I’ve removed Woke Racism from the reading list. Here’s why: (updated 05/03/25)


John McWhorter’s Woke Racism: How a New Religion Has Betrayed Black America is a critique from within the Black community—not a tool of white supremacy. A Black liberal, linguist, and Columbia professor, McWhorter argues that a certain kind of antiracism has become rigid and performative, more focused on signaling than real change. He calls this “Electism,” likening it to a religion that discourages debate and prioritizes appearances over impact.


He warns this performative style can harm Black communities by emphasizing symbolism instead of addressing material issues like education and poverty. He supports acknowledging systemic racism but urges pragmatic, results-driven solutions.

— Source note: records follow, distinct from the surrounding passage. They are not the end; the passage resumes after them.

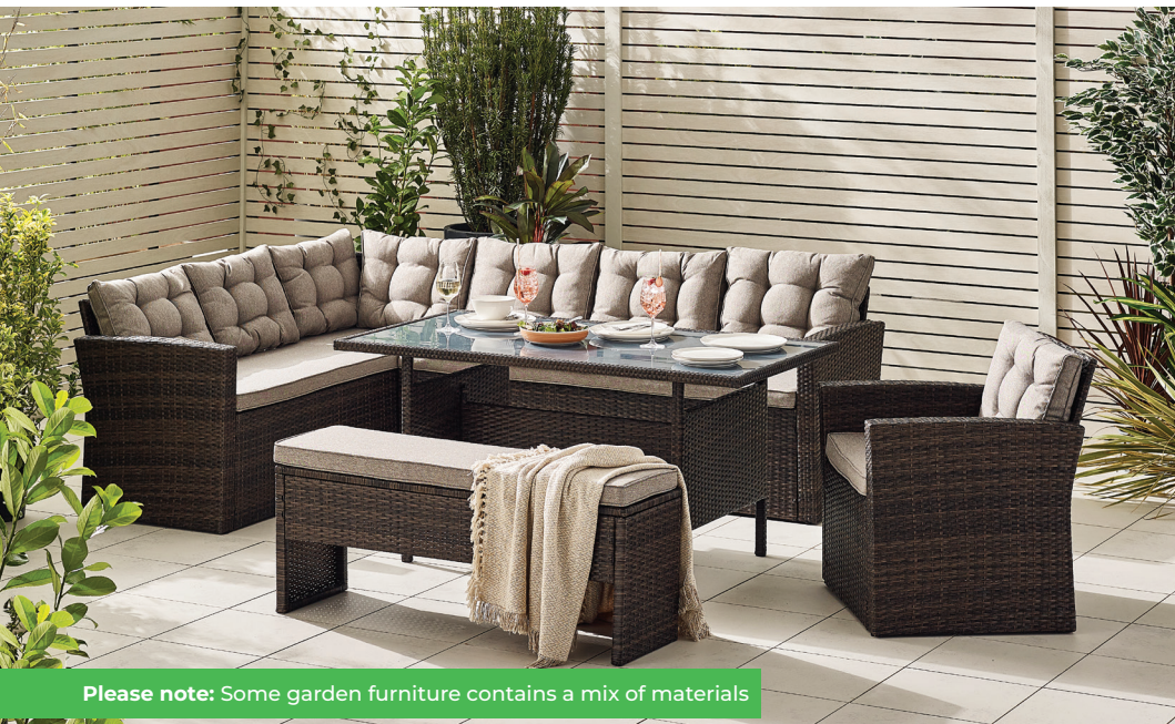
Please note: Some garden furniture contains a mix of materials

Polywood is durable and practical but is ultimately made of plastic and therefore, in cases of extreme heat, or when glasses can focus sunlight, melting can occur, as this can increase the heat. For this reason, we advise that coasters are always used on polywood surfaces and that you are mindful of any sunlight spots on your tabletops.
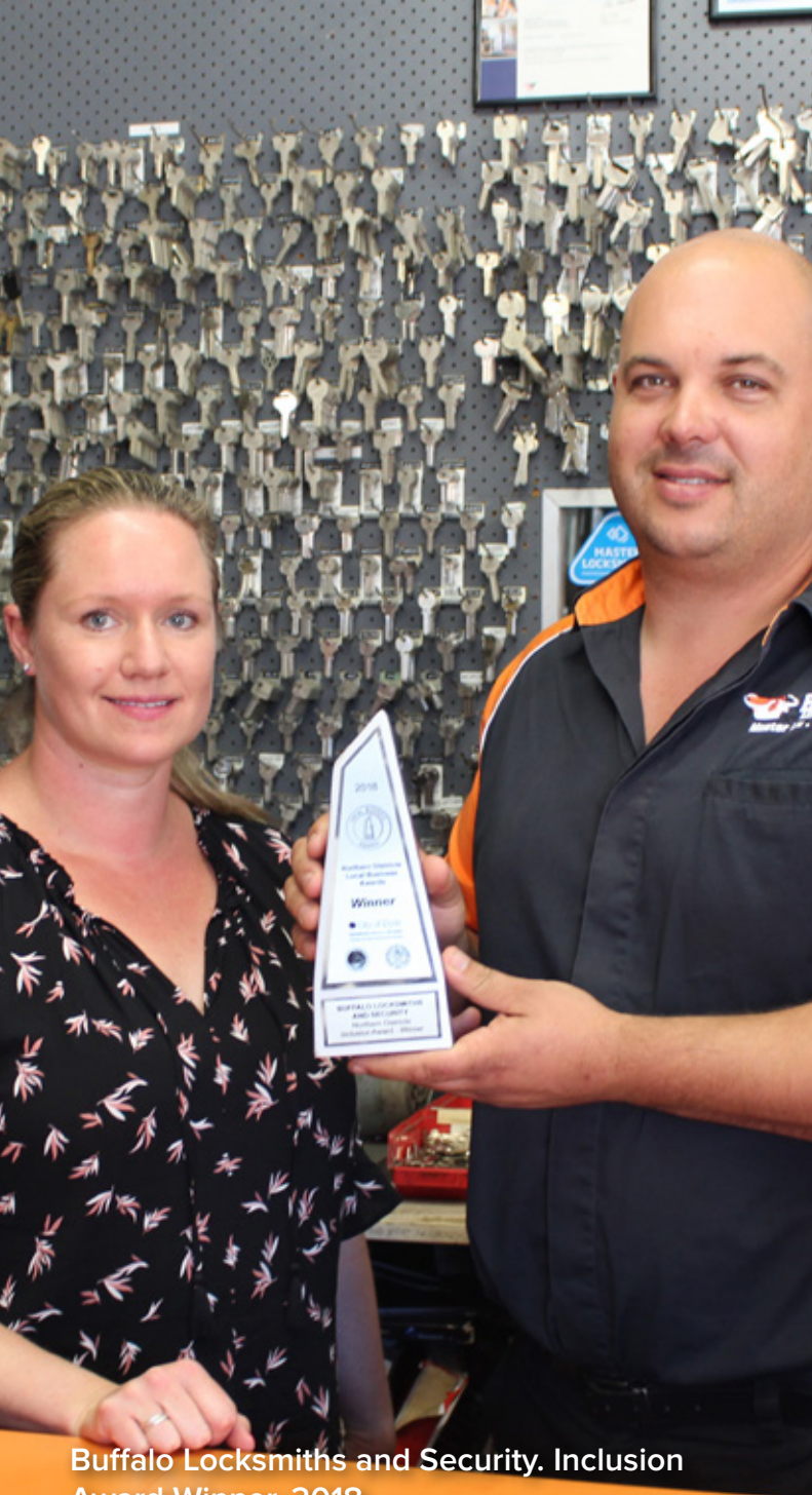
Buffalo Locksmiths and Security. Inclusion Award Winner, 2018
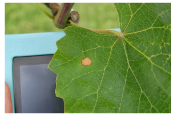
Figure 18: Black rot lesion on a St. Croix leaf. As is the case with other cultivars, leaf lesions are heavily concentrated on the first two to three fully expanded leaves in the spring.
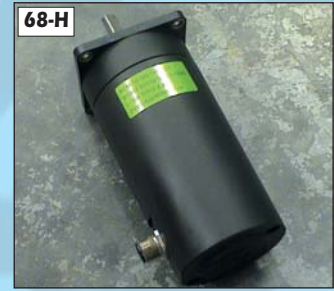
68-H Cooling Unit Green Servo (long) #M3.148.1311
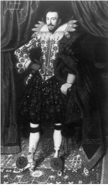
William Larkin's portrait of the 3rd Earl of Dorset

Another problem area was the carpet – a copy, reproduced by Larkin in meticulous detail, of the geometrical patterns on the oriental 'Lotto' carpets produced in Western Anatolia and imported into Europe in increasing numbers at this period. Here the crisp, geometric pattern in its bright primary colours of red, yellow, and blue had been lost by the darkening of the lead tin yellow pigment and the fudging by later restorers of areas of the pattern. The artist's intentions were so clear that it was possible to reconstruct the carpet to its original clarity and form. For the lace 'handkerchiefs' hanging from the garters, however, a different solution was adopted. Here, the smudgy 'impressionistic' effect was entirely out of character when compared with other pictures in the series – particularly that of the 4th Earl . Despite this, there was no evidence to show that this detail ought to have been better, so modern retouching was not carried out.
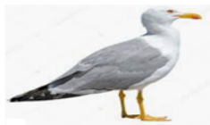
Sea Gull I eat crabs and small fish.
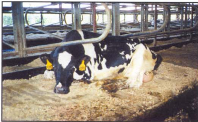
Figure 9. This cow is entrapped after trying to lunge below a lower divider rail that measures 18-20 inches (46-51 cm) above the mattress. The head-to-head stall dividers are mounted on a horizontal rail that intrudes into the bob-zone at 11 inches (28 cm) above the stall bed.
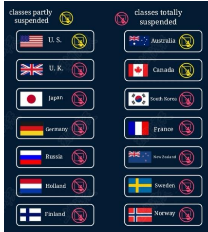
Figure 1. Class-suspensions in countries with the most Chinese students [6].

In summary, the delay of graduation and employment is inevitable. The overseas students who have already found a job, like the domestic students, also face the risk of the delayed entry to the work or the cancellation of their positions.
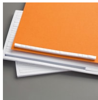
Foam Adhesive Strips [141825] $8.25
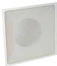
SC 370 return air grille

The SC 370 ceiling grille offers discreet aesthetics for air extraction in ventilation or air-conditioning systems.
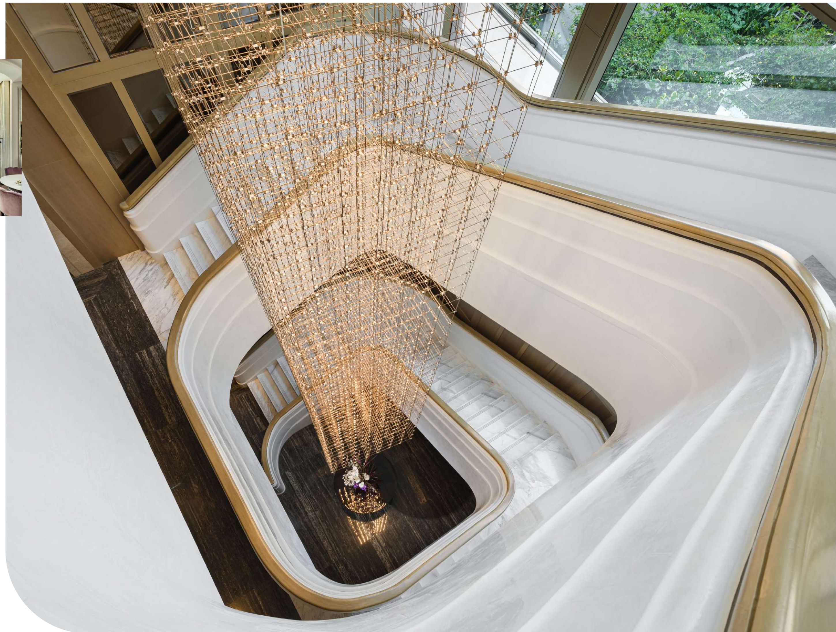
THE CAPELLA HOTEL BANGKOK

Drawing inspiration from the coastal locale, BAMO has masterfully crafted interiors that embody understated luxury and serenity. Interiors are meticulously curated with clean lines and tailored details, infused with hints of retro-inspired glamour, resulting in an ambiance of cool, classic elegance, refined comfort, and timeless sophistication.
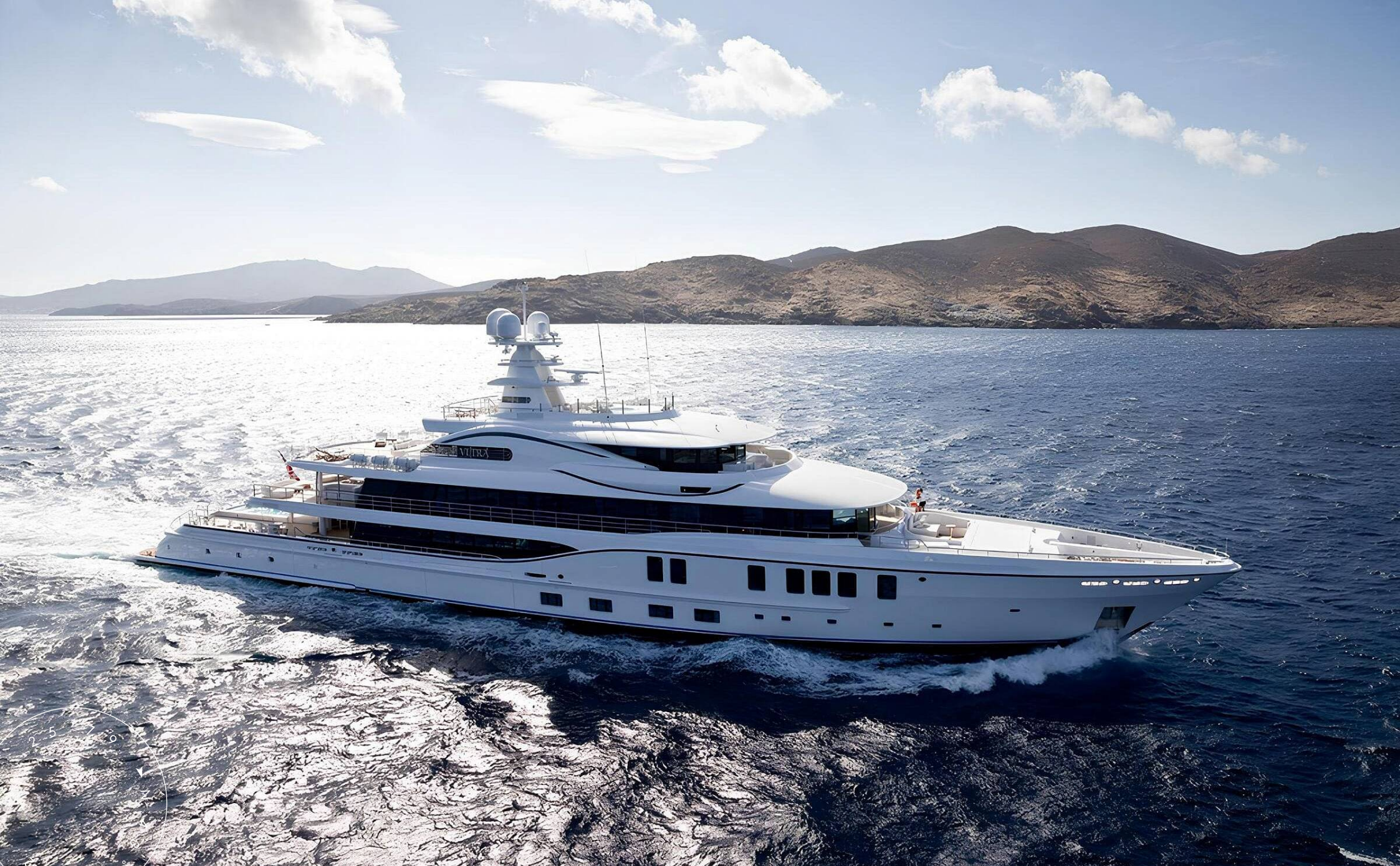
EXTERIOR AMELS 74M 2016 MY PLVS VLTRA
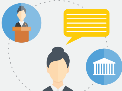
JUSTICE RUTH BADER GINSBURG

Some people think fair use is a minor exception or a marginal carve-out from the expansive protection for authors, but fair use is a fundamental right .
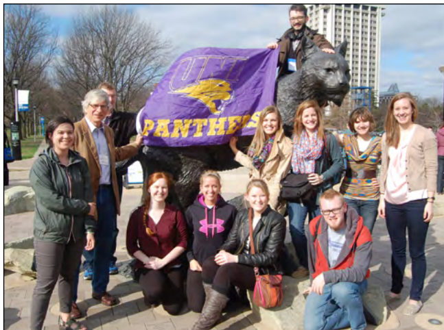
UNI students pose at Kentucky Wildcat statue where they attended the 2014 NCUR Conference.

On April 3-5, 2014, seven biology majors who have been involved in undergraduate research took their findings to present at the annual meeting of the National Conference on Undergraduate Research (NCUR). This meeting is hosted at a different site each year and provides a collegial and stimulating venue for students from across academic disciplines and across the nation to share their findings. The University of Kentucky in Lexington hosted the 2014 meeting. In all, sixteen UNI students together with five
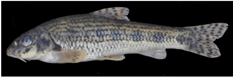
Figure 3. Gobio baliki , IFC-ESUF 03-1702, 98.4 mm SL
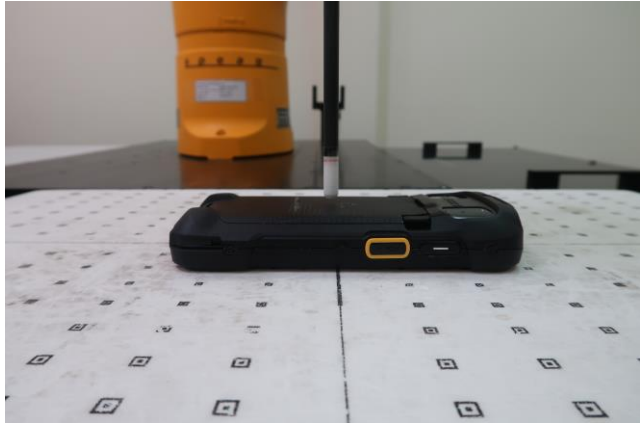
Back at 2 mm
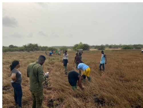
Mangrove Awareness/education event in community. Picture of field work, restoration action

However, critics—many of them Black scholars—say McWhorter overstates the problem, downplays systemic forces, and frames antiracism in ways that conservative voices now use to attack the broader movement. His metaphors, especially comparing white privilege to “original sin,” are seen as minimizing the urgency of dismantling systemic racism.


In short, while the book critiques white liberals’ performative allyship, it has been embraced by those hostile to racial justice, muddying its usefulness for people new to this work.


Short version:

He’s not Ops—he’s calling out another way white people cause harm even when they think they’re helping. But his critique has been co-opted by white conservatives as ammo against antiracism.


This book offers valuable insight into how well-meaning white people can still cause harm—but it’s not for beginners. Without a strong foundation in antiracist thinking, readers may misuse or misread its message. Woke Racism is best reserved for those further along in their journey. Tread lightly.